Après plusieurs travaux entre la performance et les arts plastiques, elle fonde la compagnie Balkis Moutashar en 2009, et crée cette année-là 6 yeux, un visage et deux pieds (pour le moment), un triptyque en collaboration avec un homme de théâtre, un chorégraphe et un plasticien-performeur, pour le festival Dansem à Marseille. La même année verra la création de Lautrétranger, une rencontre surprise avec un danseur de hip-hop algérien. Cette pièce, commandée par Les Bancs Publics pour le festival Les rencontres à l’Echelle, ira ensuite visiter le Centre Culturel d’Oran en Algérie.
La compagnie se structure plus précisément en 2013, et crée Les Portes Pareilles, une pièce traçant un chemin entre danse contemporaine et music-hall. Cette pièce a connu plus de 35 représentations depuis sa création à KLAP Maison pour la danse à Marseille pour le festival Dansem, du CDC Les Hivernales à Avignon à des centres de vacances CCAS en passant par différentes scènes conventionnées, réalisant le désir d’aller à la rencontre de différents public qui avait présidé à sa création.
En 2013 toujours, elle réalise A quelle distance sommes nous des autres ?, un duo in situ pour un espace public recouvert d’une multitude de tapis, dans le cadre d’une commande pour la Capitale européenne de la culture Marseille Provence 2013.

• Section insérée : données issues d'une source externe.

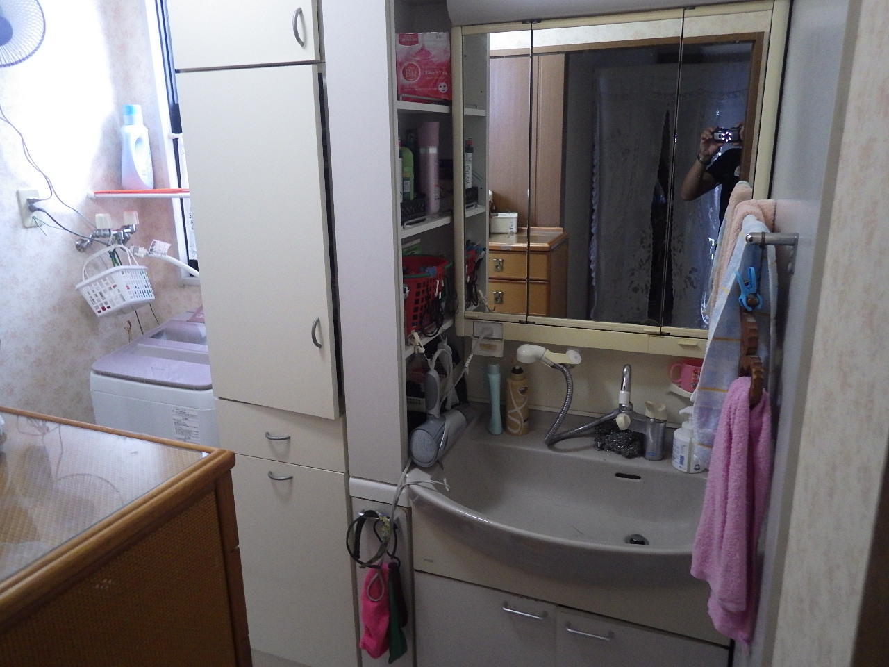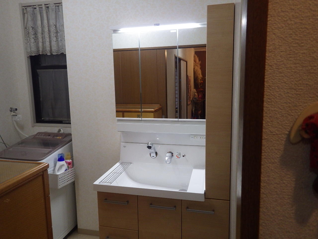 きれいに収納されていた以前の棚でしたが、入口から丸見えなのがちょっと気になるところでした。また部屋の真ん中に棚があるため行き来がしづらい点も・・・壁側に収納棚を持ってきたことで、見た目も動線もスッキリ統一感のある洗面脱衣室になりました。

Elle crée ensuite Intersection en 2016, un quatuor qui explore la structure des corps en relation avec la machinerie du théâtre, au KLAP Maison pour la danse à Marseille, avec le soutien du Ballet National de Marseille. Cette création, qui propose une sorte de plongée dans les méandres du corps et du vivant, lui permet d’ancrer plus profondément l’écriture de la danse dans une connaissance sensible des structures du mouvement. Toujours en 2016, et explorant une esthétique diamétralement opposée, elle crée un court solo sur une proposition de la Friche la Belle de Mai, Shirley, qui revisite étrangement la figure de la diva.

 

Elle commence en 2018 un cycle de deux créations autour du vêtement, du costume et de leur pouvoir de transformation du corps, et crée début 2019 De tête en cape, une pièce pour le jeune public autour de la question du costume et de la métamorphose, entre déguisements d’enfants, culture populaire et traditions carnavalesques.Elle continue ce cycle en 2019 et 2020 avec un projet en plusieurs parties autour de l’histoire du costume, Attitudes habillées.